Aim of the task: In the copy, keep every line below as it is and leave out the pictures.

Working data:

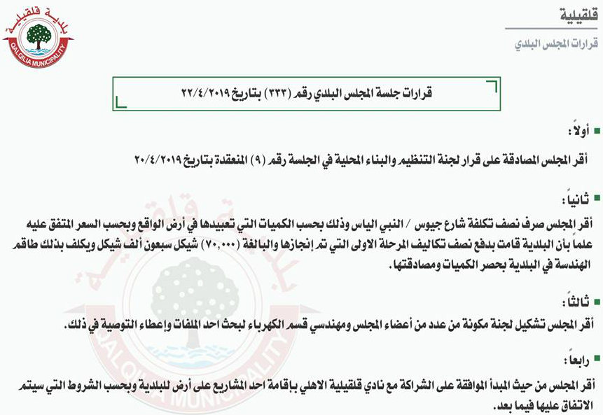 قرارات المجلس البلدي في قلقيلية
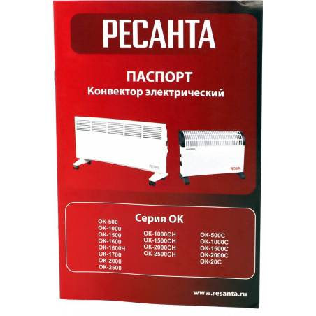 Конвектор Ресанта ОК-1000С 1000Вт белый
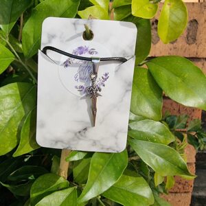 – This necklace is made with a leather chain which is 50cm in length with an adjustable chain going down to 45cm.
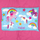 Decorate your little girl's bedroom or nursery with this cute colorful unicorn pillow case. Pillow case has a pink unicorn, purple unicorn, and two white unicorns. In the background are beautiful rainbows and clouds. Add your kid's name at the bottom for a personal touch.
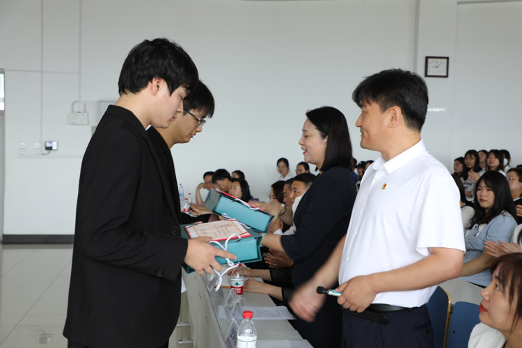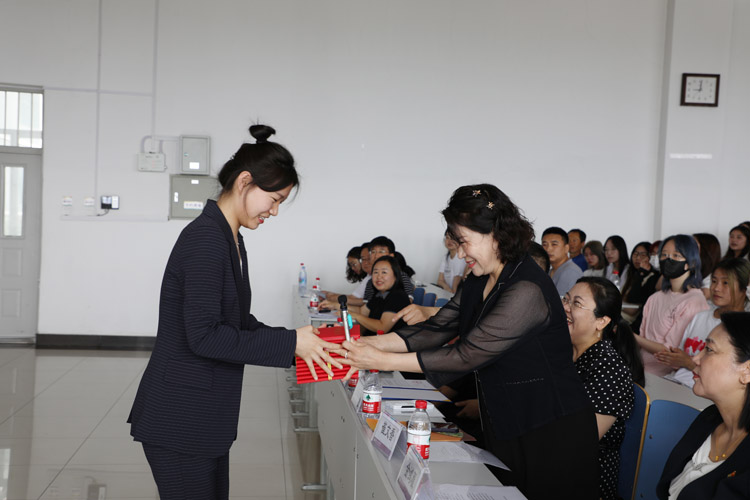 党委书记金鸿雁向优秀学生干部颁发证书及奖品
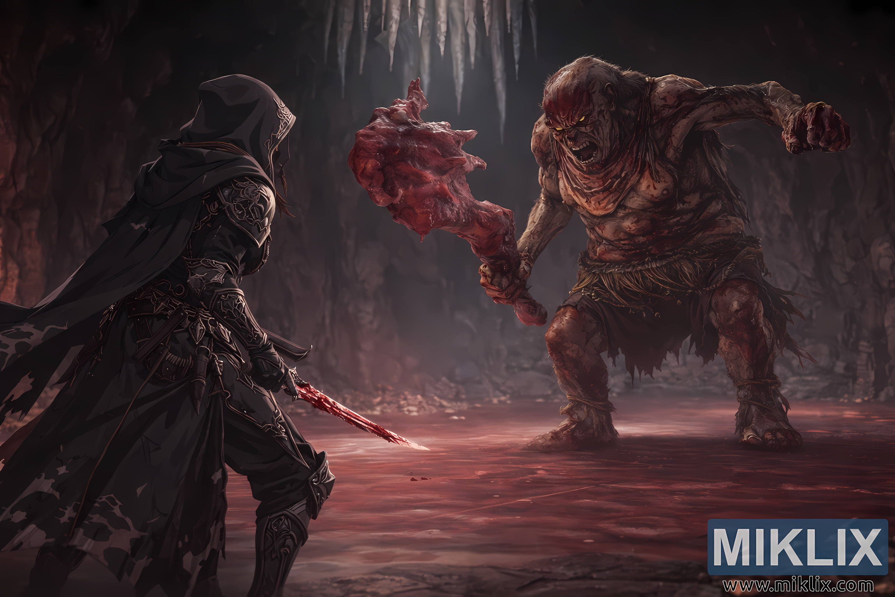 Die Spannung zwischen ihnen ist greifbar. Keiner von beiden hat den ersten Schlag ausgeführt, doch alles deutet auf den unausweichlichen Kampf hin. Wellen breiten sich auf dem rot gefärbten Wasser aus, wo der schwere Fuß des Blutdämons eben noch einen Schritt getan hat, während Tropfen von der Decke fallen und leise in der Höhle widerhallen. Das Licht umgibt die beiden Gestalten mit einem subtilen Heiligenschein, hebt sie von den dunklen Felswänden im Hintergrund ab und lenkt den Blick des Betrachters auf den bevorstehenden Zusammenstoß. Die Szene wirkt wie ein eingefrorener Herzschlag – ein einziger Atemzug, bevor Stahl auf Fleisch trifft und die Höhle im Chaos versinkt.
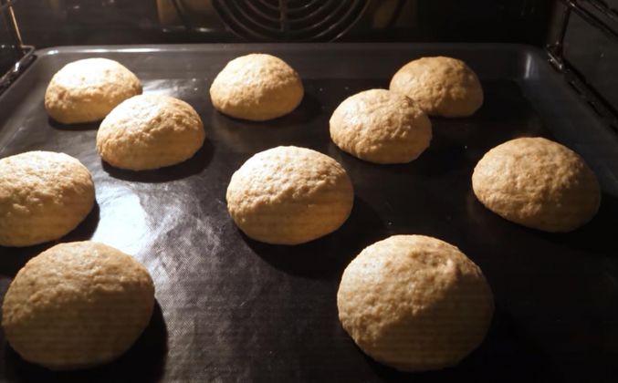 3. Обычно, для подъема теста и расстойки изделий я использую духовку с включенной лампочкой - у меня булочки подходили 20 минут. Теперь включаем духовку на 180°C и пока она нагревается, смазываем булочки обычной водой или молоком и присыпаем отрубями, но можно этого и не делать, а оставить их как есть. У меня духовка быстро нагревается, буквально за 10 минут, если у вас дольше, включите ее заранее. Отправляем противень в разогретую духовку на второй или третий снизу уровень и, чтобы булочки получились очень мягкими, выпекаем их с паром. Наливаем чашку кипятка в любую плоскую емкость, которая разогревалась вместе с духовкой. В данный момент температура в духовке 180°C, режим верхний и нижний нагрев без конвекции. Выпекаются булочки 15-17 минут. Готовые достаем из духовки, даем немного остыть и можно подавать к столу! Булочки получаются очень легкие, мягкие, вкусные и долго не черствеют. Они идеально подходят для тостов, бутербродов и прекрасно сочетаются как со сладкими, так и солеными продуктами. Готовьте с удовольствием! Желаю всем приятного аппетита и удачной выпечки!Видео рецепт ютуб ниже 👇
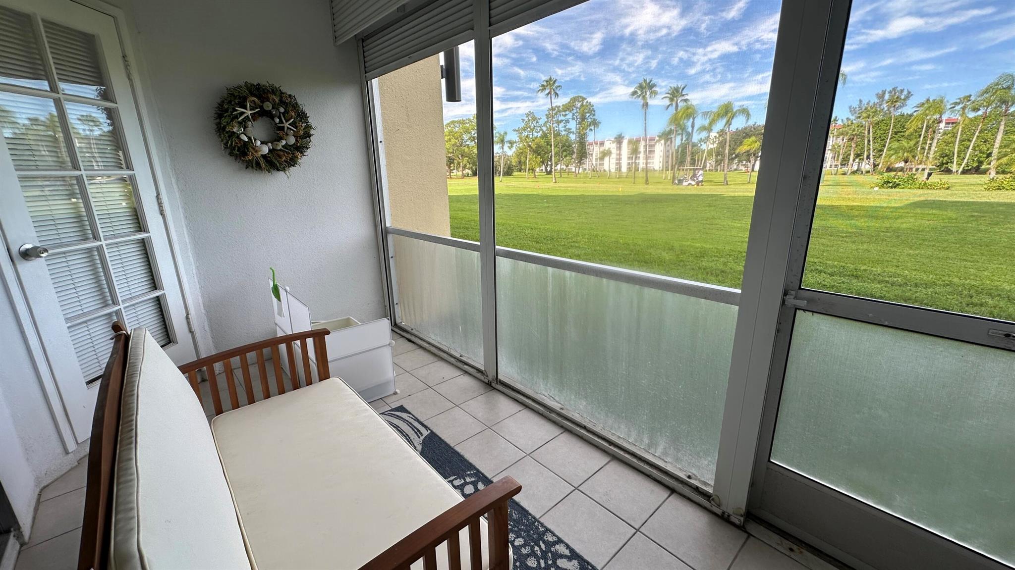 Must see this beautifully renovated 1 bed 1.5 bath 1st floor condo located in the Oxford building in Poinciana Place & walkable to the tennis courts NEW flooring throughout, NEW appliances, NEW quartz counter tops, NEW light fixtures, NEW shower and toilet, NEW washer and dryer! Enjoy the spacious master bedroom that features 2 walk-in closets & an expansive golf course view! The renovated master bathroom boasts a walk-in shower too! Unwind in the screened in patio that overlooks the golf course. Poinciana Place is a 55+ active adult community that boasts lots of amenities to keep you busy that includes an 18-hole executive golf course, tennis, bocce, shuffleboard, a private pool & Mel's Way Bistro, open 6 days/week for all meals with live entertainment 4 nights/week. No pets or smokers.
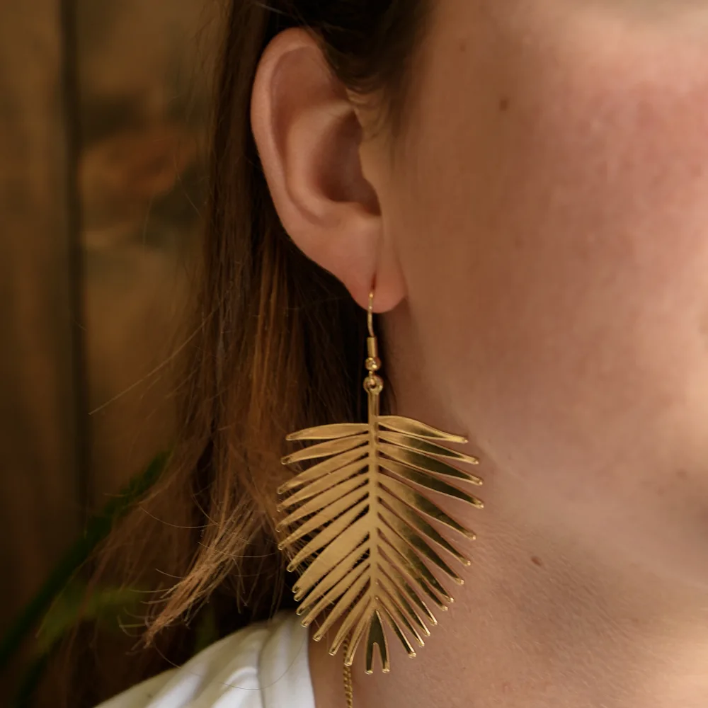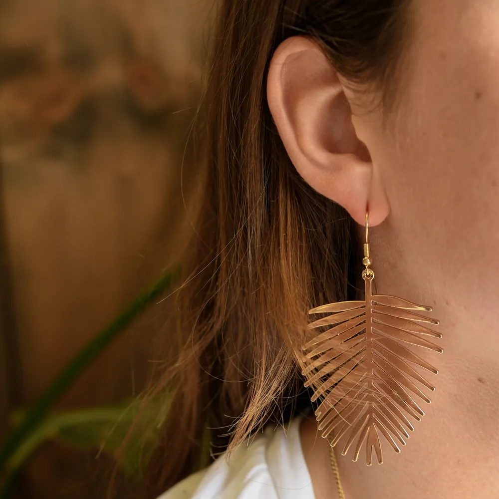 Breng een vleugje tropische flair in je sieradencollectie met deze prachtige dames oorbellen, geïnspireerd door de schoonheid van palm leafs. Deze stijlvolle oorbellen zijn de perfecte accessoire voor de zomer, en voegen een exotische touch toe aan elke outfit. Met hun gedetailleerde ontwerp van blaadjes, brengen ze een natuurlijke elegantie en frisheid die ideaal is voor zonnige dagen.
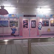 電車の運行状況は観光客が利用する時間帯は6分間隔で運行されているので待つことなく、どんどん電車が来るので時間の無駄がありません。構内や電車内の案内表示もすべて英語併記ですし、車内の案内放送も大きな駅は日本語放送もあって、まず迷うことはないです。電車内、駅構内ともに飲食、喫煙が禁止なので注意が必要です。それとイメージキャラクターに萌えキャラのアニメが使われていて、構内の至る所にポスターをはじめ等身大のボードなどが設置されているのは面白いところです。

Exercise output:
 قرارات المجلس البلدي في قلقيلية
 Конвектор Ресанта ОК-1000С 1000Вт белый
 – This necklace is made with a leather chain which is 50cm in length with an adjustable chain going down to 45cm.
 Decorate your little girl's bedroom or nursery with this cute colorful unicorn pillow case. Pillow case has a pink unicorn, purple unicorn, and two white unicorns. In the background are beautiful rainbows and clouds. Add your kid's name at the bottom for a personal touch.
 党委书记金鸿雁向优秀学生干部颁发证书及奖品
 Die Spannung zwischen ihnen ist greifbar. Keiner von beiden hat den ersten Schlag ausgeführt, doch alles deutet auf den unausweichlichen Kampf hin. Wellen breiten sich auf dem rot gefärbten Wasser aus, wo der schwere Fuß des Blutdämons eben noch einen Schritt getan hat, während Tropfen von der Decke fallen und leise in der Höhle widerhallen. Das Licht umgibt die beiden Gestalten mit einem subtilen Heiligenschein, hebt sie von den dunklen Felswänden im Hintergrund ab und lenkt den Blick des Betrachters auf den bevorstehenden Zusammenstoß. Die Szene wirkt wie ein eingefrorener Herzschlag – ein einziger Atemzug, bevor Stahl auf Fleisch trifft und die Höhle im Chaos versinkt.
 3. Обычно, для подъема теста и расстойки изделий я использую духовку с включенной лампочкой - у меня булочки подходили 20 минут. Теперь включаем духовку на 180°C и пока она нагревается, смазываем булочки обычной водой или молоком и присыпаем отрубями, но можно этого и не делать, а оставить их как есть. У меня духовка быстро нагревается, буквально за 10 минут, если у вас дольше, включите ее заранее. Отправляем противень в разогретую духовку на второй или третий снизу уровень и, чтобы булочки получились очень мягкими, выпекаем их с паром. Наливаем чашку кипятка в любую плоскую емкость, которая разогревалась вместе с духовкой. В данный момент температура в духовке 180°C, режим верхний и нижний нагрев без конвекции. Выпекаются булочки 15-17 минут. Готовые достаем из духовки, даем немного остыть и можно подавать к столу! Булочки получаются очень легкие, мягкие, вкусные и долго не черствеют. Они идеально подходят для тостов, бутербродов и прекрасно сочетаются как со сладкими, так и солеными продуктами. Готовьте с удовольствием! Желаю всем приятного аппетита и удачной выпечки!Видео рецепт ютуб ниже 👇
 Must see this beautifully renovated 1 bed 1.5 bath 1st floor condo located in the Oxford building in Poinciana Place & walkable to the tennis courts NEW flooring throughout, NEW appliances, NEW quartz counter tops, NEW light fixtures, NEW shower and toilet, NEW washer and dryer! Enjoy the spacious master bedroom that features 2 walk-in closets & an expansive golf course view! The renovated master bathroom boasts a walk-in shower too! Unwind in the screened in patio that overlooks the golf course. Poinciana Place is a 55+ active adult community that boasts lots of amenities to keep you busy that includes an 18-hole executive golf course, tennis, bocce, shuffleboard, a private pool & Mel's Way Bistro, open 6 days/week for all meals with live entertainment 4 nights/week. No pets or smokers.
 Breng een vleugje tropische flair in je sieradencollectie met deze prachtige dames oorbellen, geïnspireerd door de schoonheid van palm leafs. Deze stijlvolle oorbellen zijn de perfecte accessoire voor de zomer, en voegen een exotische touch toe aan elke outfit. Met hun gedetailleerde ontwerp van blaadjes, brengen ze een natuurlijke elegantie en frisheid die ideaal is voor zonnige dagen.
 電車の運行状況は観光客が利用する時間帯は6分間隔で運行されているので待つことなく、どんどん電車が来るので時間の無駄がありません。構内や電車内の案内表示もすべて英語併記ですし、車内の案内放送も大きな駅は日本語放送もあって、まず迷うことはないです。電車内、駅構内ともに飲食、喫煙が禁止なので注意が必要です。それとイメージキャラクターに萌えキャラのアニメが使われていて、構内の至る所にポスターをはじめ等身大のボードなどが設置されているのは面白いところです。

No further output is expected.